From Hell It Came

In the middle of the night while not sleeping, I heard it

snagging on the floorboards as it crept to my bed,

slinking on gold toes until, with the sound of fine unraveling,

it leapt up and landed in a black tangle on my breast

where it settled its foul haunches and sat leering in the dark,

exhaling the sour pickle smell of it’s fetid, fungal breath.

The Sockubus had come!

Bringer of nightmares of unmatched pairs of casual and dress

eternally inverted, mud-caked, sweat-stiff and grass-stained;

of shoe-chewed heals and unknit holes where toes should be;

of elastic snares and nylon pills and sliding shapeless cuffs,

and the telltale bulge of the renegade hidden inside a pajama leg.

He mocked me with bawdy visions of mateless socks reproducing

with sybaritic abandon, wantonly flinging themselves limp and

spent into the lint and cat hair repository beneath the bed.

“Lord save me!” I gasped, crushed by the weight of loose threads.
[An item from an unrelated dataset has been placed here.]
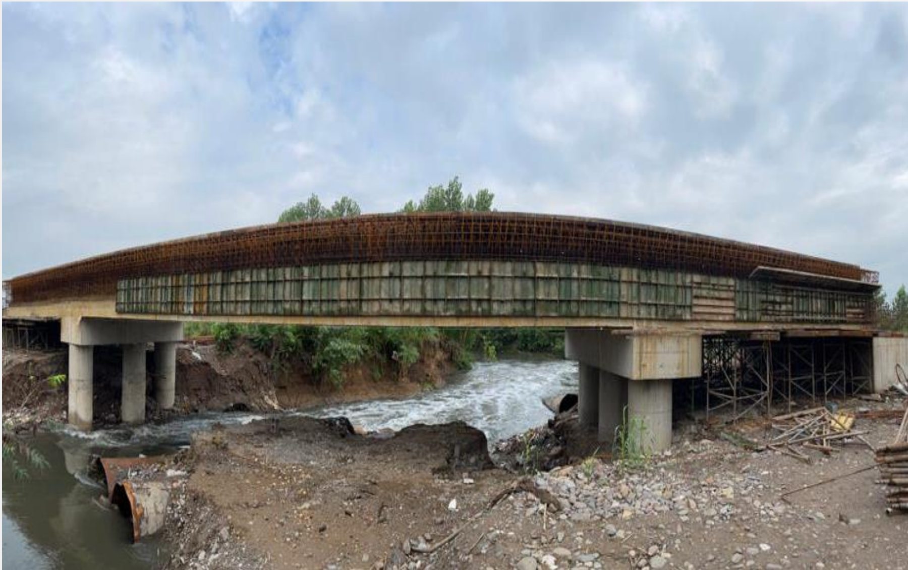
همکاری با شرکت پیمانکاری استراتوس پروژه راه آهن رشت - کاسپین

“Fool!” the dark thing spat, cackling like the hellish rip of static cling,

“What help do you expect of a God who wore sandals?”

© Dana Hughes 1.16.15

One thought on “From Hell It Came

  1. A nightmarish vision, indeed! Hilarious. Found myself laughing all the way to the last line, whereupon I went, “Hmmm.” I love the vision of the sock orgy, though, complete with “sybaritic abandon,” foretold (if only appreciated in hindsight) by the “telltale bulge.” I’ve said before how much I appreciate the way you collide the mundane with the sublime, and you’ve succeeded in causing another collision.